EXERCISE BRIEF: Give again, word for word, each line below starting at the one that contains "富山県産のはと麦、大豆を使用" and ending at the one that contains "Fresca FCB6160WH-VSL-CWH-V Fresca".

ENTRIES PROVIDED:
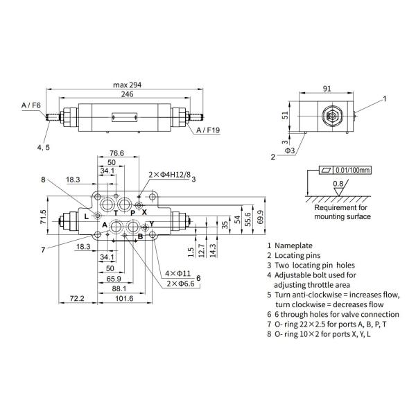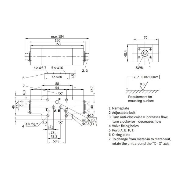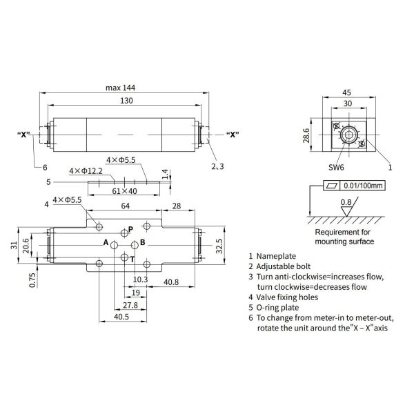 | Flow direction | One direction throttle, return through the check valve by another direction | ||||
...
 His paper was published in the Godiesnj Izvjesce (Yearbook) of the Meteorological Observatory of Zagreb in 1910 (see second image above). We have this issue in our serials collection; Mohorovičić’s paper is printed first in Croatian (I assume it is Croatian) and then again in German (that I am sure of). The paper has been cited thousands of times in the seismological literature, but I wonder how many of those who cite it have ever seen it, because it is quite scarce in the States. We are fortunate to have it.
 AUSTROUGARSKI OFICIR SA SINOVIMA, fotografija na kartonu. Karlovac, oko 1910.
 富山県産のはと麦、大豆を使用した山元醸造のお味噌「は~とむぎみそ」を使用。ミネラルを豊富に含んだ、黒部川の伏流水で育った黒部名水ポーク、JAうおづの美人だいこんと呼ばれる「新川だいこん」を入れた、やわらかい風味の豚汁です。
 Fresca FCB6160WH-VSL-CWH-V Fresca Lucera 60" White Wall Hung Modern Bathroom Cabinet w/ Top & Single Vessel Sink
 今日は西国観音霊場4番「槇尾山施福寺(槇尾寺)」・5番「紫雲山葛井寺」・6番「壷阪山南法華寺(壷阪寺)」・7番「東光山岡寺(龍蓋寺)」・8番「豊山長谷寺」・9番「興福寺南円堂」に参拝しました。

OUTPUT FOR THIS EXERCISE:
 富山県産のはと麦、大豆を使用した山元醸造のお味噌「は~とむぎみそ」を使用。ミネラルを豊富に含んだ、黒部川の伏流水で育った黒部名水ポーク、JAうおづの美人だいこんと呼ばれる「新川だいこん」を入れた、やわらかい風味の豚汁です。
 Fresca FCB6160WH-VSL-CWH-V Fresca Lucera 60" White Wall Hung Modern Bathroom Cabinet w/ Top & Single Vessel Sink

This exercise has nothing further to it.